## Requirement
Exactly as they stand, copy the lines from the one containing "0.72% /0. 65%)略有下滑穩(wěn)定。" to the final line of the data; leave out the pictures.

## Recorded data

━━━━━━━━━━━━━━━━

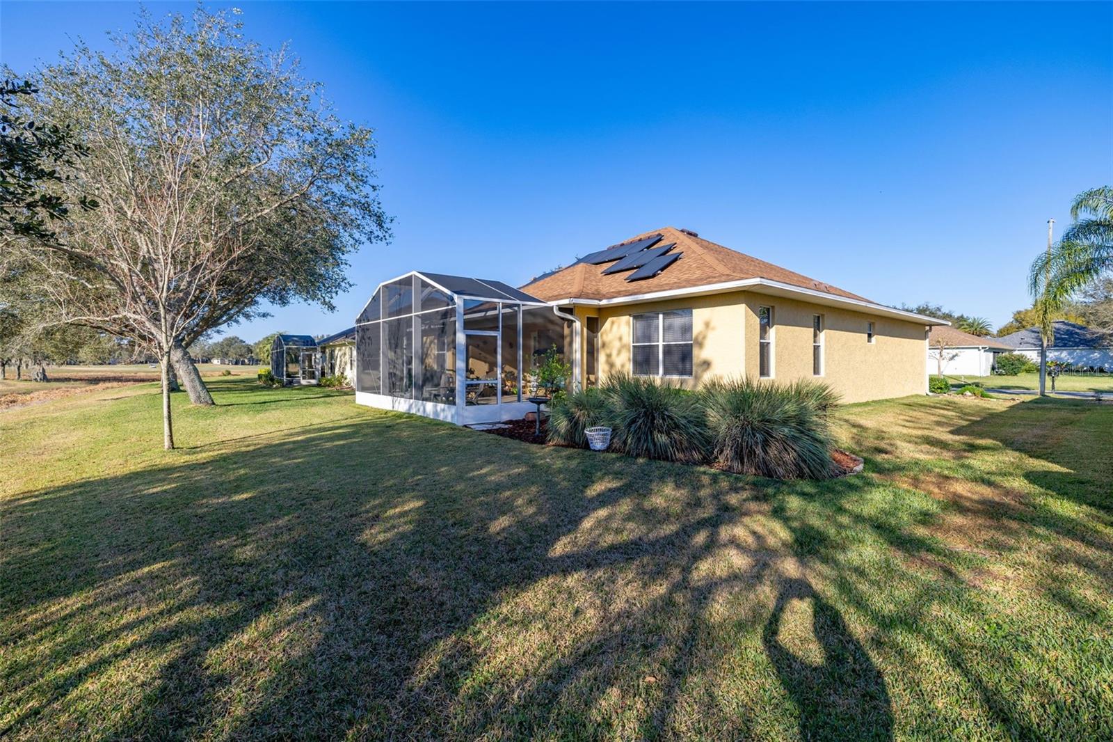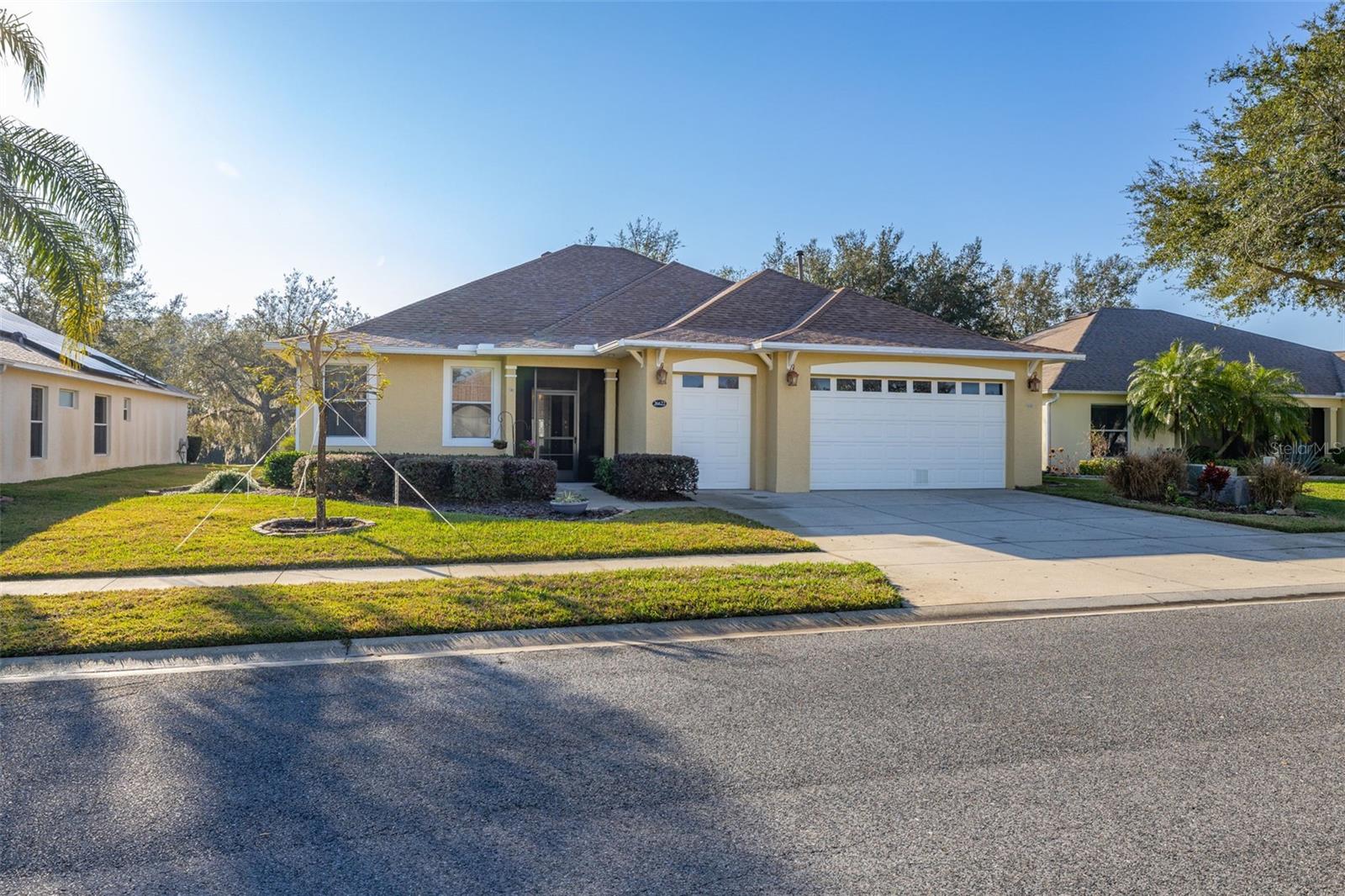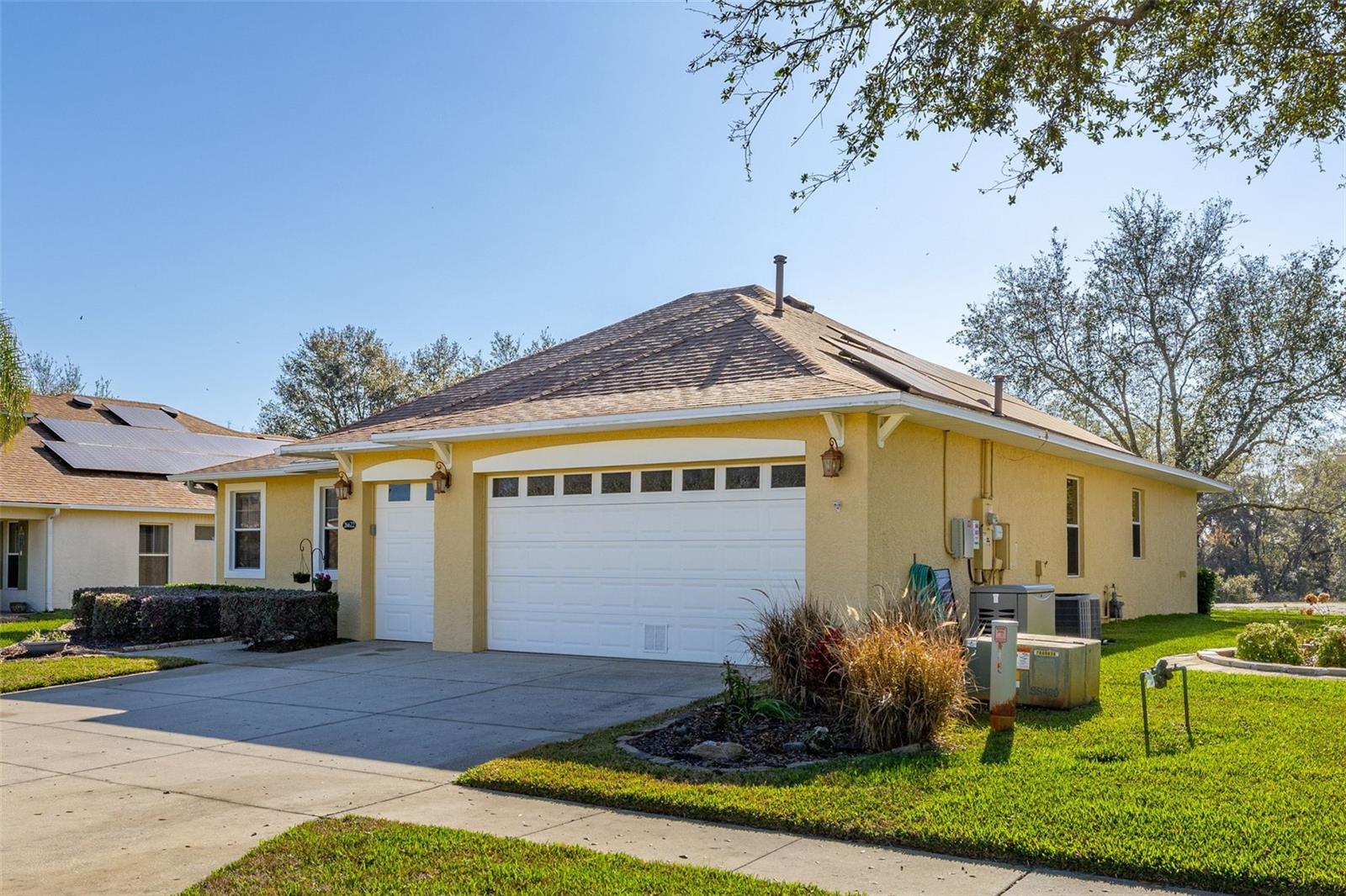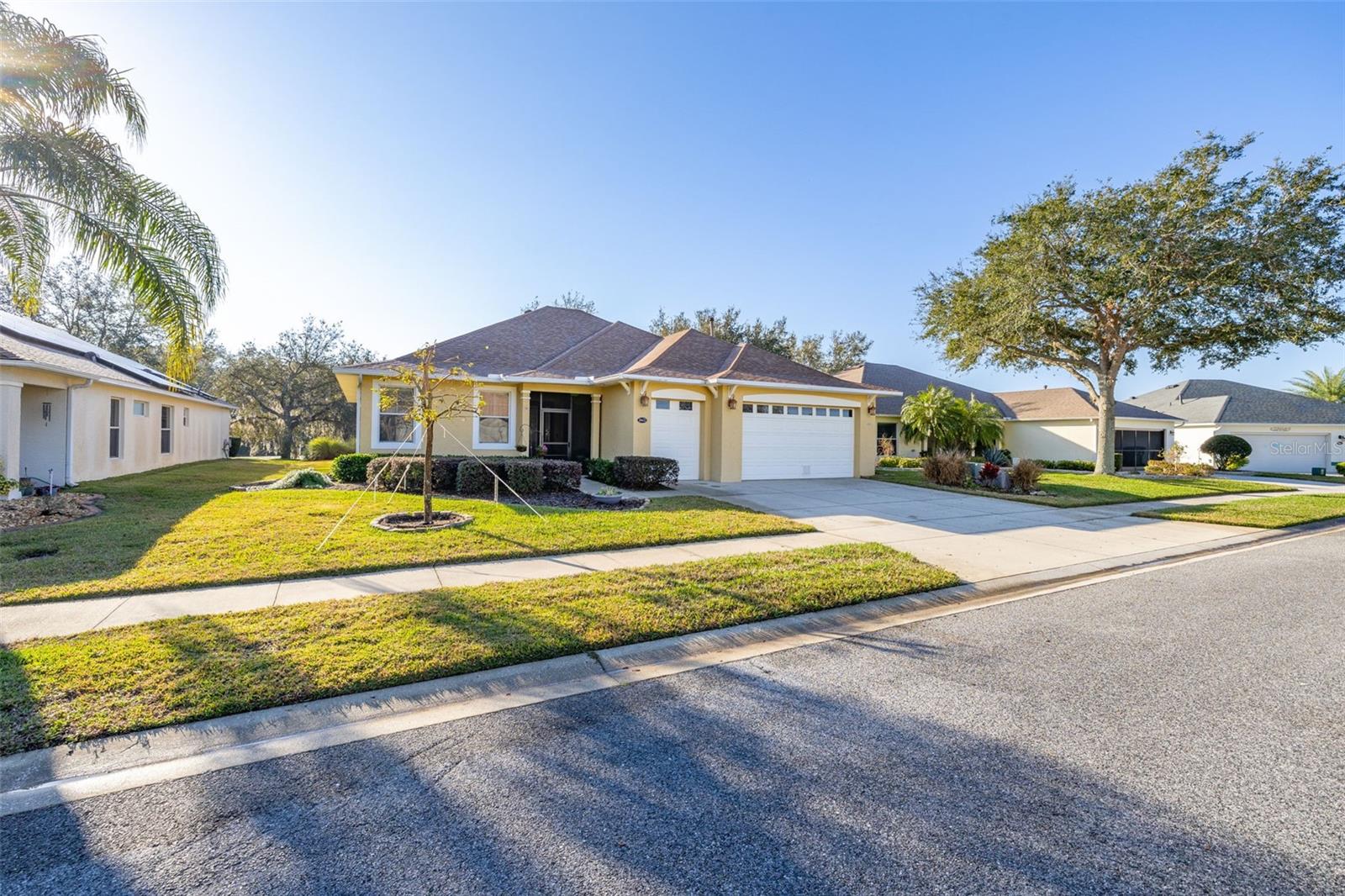 Price Improvement & Motivated Sellers! Welcome to this stunning golf-front Chatham model home, nestled in a highly sought-after community featuring a Gary Koch-designed, 18-hole golf course. Originally a builder’s inventory home, this 2-bedroom, 2-bathroom gem—with a versatile den—boasts upgraded features and exceptional charm. Interior Highlights: Chef’s Dream Kitchen: Gorgeous oak cabinets with crown molding Upgraded stainless steel appliances, including a gas range Corian countertops, center island & cozy eat-in space All with breathtaking golf course views! Elegant Flooring: Beautiful hardwood floors flow through the great room & home office/study, adding warmth & sophistication. Spacious Master Suite: Large walk-in closet Luxurious bath with Corian countertops & an oversized walk-in shower Multi-Functional Laundry Room: Includes washer, dryer, laundry sink, & extra space perfect for hobbies or crafts Exterior & Energy Efficiency: Garage Perks: 2-car garage + additional bay for your golf cart Energy Savings & Reliability: New Roof (Installed 11/2021) OWNED Solar Panels for maximum energy efficiency Kohler Whole House Generator conveys—peace of mind during any season! Outdoor Living: Mature, manicured landscaping enhances curb appeal Large extended screened lanai overlooking the golf course, featuring a special area for your furry friends! Community Amenities: Town Center with 2 heated pools (lap & resort-style), a movie theater, tavern, gym, & spa Endless activities: Bocce, pickleball, tennis, billiards, ceramics, water aerobics, bingo, travel club, & more! Play a round on the Gary Koch-designed 18-hole golf course or unwind with a scenic stroll
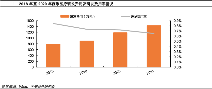 經(jīng)典案例:根據(jù)wind、天安證券研究所等綜合資訊表明,雍禾醫(yī)療公司的 LATTICE 點(diǎn)陣加密技術(shù),是針對天生頭發(fā)稀疏,發(fā)質(zhì)細(xì)軟,因脫發(fā)導(dǎo)致頭頂頭發(fā)稀疏等情況研發(fā)出的植發(fā)技術(shù),做到對原有頭發(fā)的“0”損傷。2018 年至 2021 年,公司的研發(fā)費(fèi)用(781/887/1181/1416 萬元)不斷增加,研發(fā)費(fèi)用率 ( 0. 84% / 0. 73%/ 0.72% /0. 65%)略有下滑穩(wěn)定。
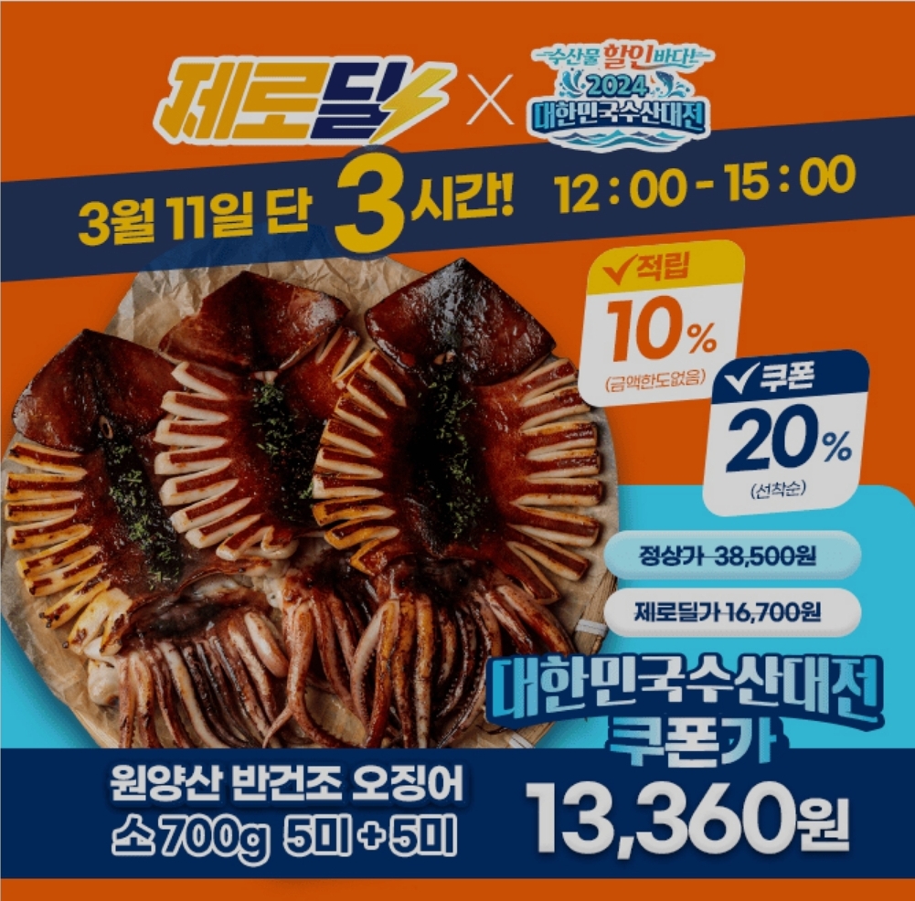 3시간 동안 진행되는 "캐시딜" 타임특가에서 국내 포항생산 원양산 반건조 오징어 10마리가 역대급 할인으로 16700원+무료배송에 진행됩니다. 이 오징어는 국립 수산물 ㅇㅇㅇㅇㅇ으로부터 품질을 인정받은 제품으로 해양수산부의 대한민국 수산대전 20%쿠폰과 10%적립도 적용되어 초특가로 구매 가능합니다.

━━━━━━━━━━━━━━━━

## Task result
 經(jīng)典案例:根據(jù)wind、天安證券研究所等綜合資訊表明,雍禾醫(yī)療公司的 LATTICE 點(diǎn)陣加密技術(shù),是針對天生頭發(fā)稀疏,發(fā)質(zhì)細(xì)軟,因脫發(fā)導(dǎo)致頭頂頭發(fā)稀疏等情況研發(fā)出的植發(fā)技術(shù),做到對原有頭發(fā)的“0”損傷。2018 年至 2021 年,公司的研發(fā)費(fèi)用(781/887/1181/1416 萬元)不斷增加,研發(fā)費(fèi)用率 ( 0. 84% / 0. 73%/ 0.72% /0. 65%)略有下滑穩(wěn)定。
 3시간 동안 진행되는 "캐시딜" 타임특가에서 국내 포항생산 원양산 반건조 오징어 10마리가 역대급 할인으로 16700원+무료배송에 진행됩니다. 이 오징어는 국립 수산물 ㅇㅇㅇㅇㅇ으로부터 품질을 인정받은 제품으로 해양수산부의 대한민국 수산대전 20%쿠폰과 10%적립도 적용되어 초특가로 구매 가능합니다.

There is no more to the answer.